Clutch of Constables
- First edition
- Author: Ngaio Marsh
- Language: English
- Series: Roderick Alleyn
- Genre: Detective fiction
- Publisher: Collins Crime Club
- Publication date: 1968
- Media type: Print
- Preceded by: Death at the Dolphin
- Followed by: When in Rome

= Clutch of Constables =

1968 novel by Ngaio Marsh

Clutch of Constables is a detective novel by Ngaio Marsh; it is the twenty-fifth novel to feature Roderick Alleyn, and was first published in 1968. The plot concerns art forgery, and takes place on a cruise on a fictional river in the Norfolk Broads; the "Constable" referred to in the title is John Constable, whose works are mentioned by several characters.

==Plot summary==
Roderick Alleyn gives a guest lecture at a police college. His subject is the recent capture of Foljambe, alias 'The Jampot', an international criminal specialising in drug smuggling and art fraud. The case demonstrated Foljambe's phenomenal gift for disguise and willingness to kill, and gained interest from the presence of Alleyn's wife, celebrity painter Agatha Troy, on the canal cruise where the action unfolded. The novel alternates between Alleyn's narrative and flashbacks about Troy's experiences.

Wanting a vacation after the launch of her latest solo exhibition, Troy impulsively takes a berth on the MV Zodiac for a tour of East Anglia. Her remark about the passing views being "a clutch of Constables" (i.e., resembling landscapes painted by John Constable) creates an odd atmosphere of nervousness among her fellow passengers, as if someone is dreading the appearance of police constables on the shore.
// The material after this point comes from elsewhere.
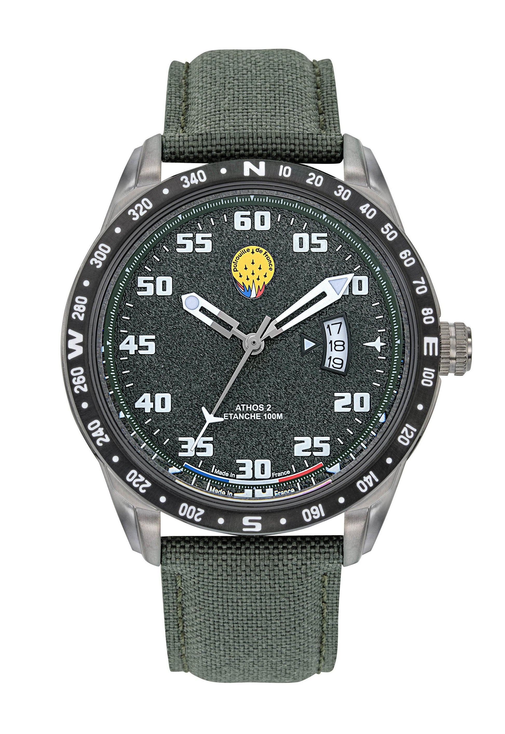 Montre Quartz 3 aiguilles et date, étanche 100 mètres.Carrure et lunette en acier inoxydableFinition de la carrure IP GunFinition de la lunette en PVD NoirCouronne protégéeBracelet TisséConception et fabrication : ateliers LIP à BesançonNotre Montre Cadran Kaki Bracelet Tissé Kaki A2-100ID-668126 offre une lisibilité optimale et s’ajuste à la précision des vols de la Grande Dame.Dans sa version avec bracelet en cuir surpiqué notre modèle ATHOS 2 rappelle les BLOUSONs des aviateurs. Son bracelet tissé vert kaki s’inspire quant à lui des Nato de l’Armée.Simples évocations d’unité et de cohésion.

These passengers are the usual assorted bunch of suspects, when the murder takes place of Hazel Rickerby-Carrick her Fabergé, jewelled zodiac ornament, is found to be missing.
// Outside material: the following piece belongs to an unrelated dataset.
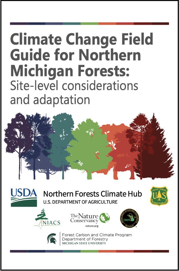 Climate change is a growing concern for Michigan’s forests. Foresters and land managers are considering how to prepare for future conditions and evaluate risks. This field guide is a quick reference on climate change for northern Michigan forests. We hope it will help you consider climate change risks together with local site characteristics, and also that it will help you design adaptation actions that help meet management goals.

The passengers, all suspects, include: a literary lepidopterist clearly much smitten by Troy, a pair of gushing American tourists in search of antiques, a sporting Australian clergyman, a London slum landlord with a talent for fine graphics and, finally, a grandly exotic and distinguished surgeon of Afro-European origin, to whom Troy is greatly attracted, and who is the subject of overt racism from several of the passengers.

The plot develops around a conspiracy to plant fake Constable paintings in the international art market, and, Alleyn arrives hot-foot to protect his wife, solve the crime, unmask and arrest 'The Jampot'

==Reception==
Maurice Richardson wrote in The Observer, "It may not be Miss Marsh’s best but it’s got all that zest of hers like a hot cross bun which keeps you reading." The Illustrated London News took the same tone: "Miss Marsh has captured the ambience of life on an 'inshore liner' with her usual flair... I enjoyed the story. It has an inventive, pacey plot with an unusual setting and some nicely nasty suspects."

==Themes==
Dr. Natouche belongs in a series of the author's sympathetically portrayed, grandly classy victims of racism in her novels (cf Vintage Murder, Colour Scheme, Black As He's Painted and her final novel Light Thickens). It is interesting how often Marsh makes Alleyn or Troy strongly attracted to them.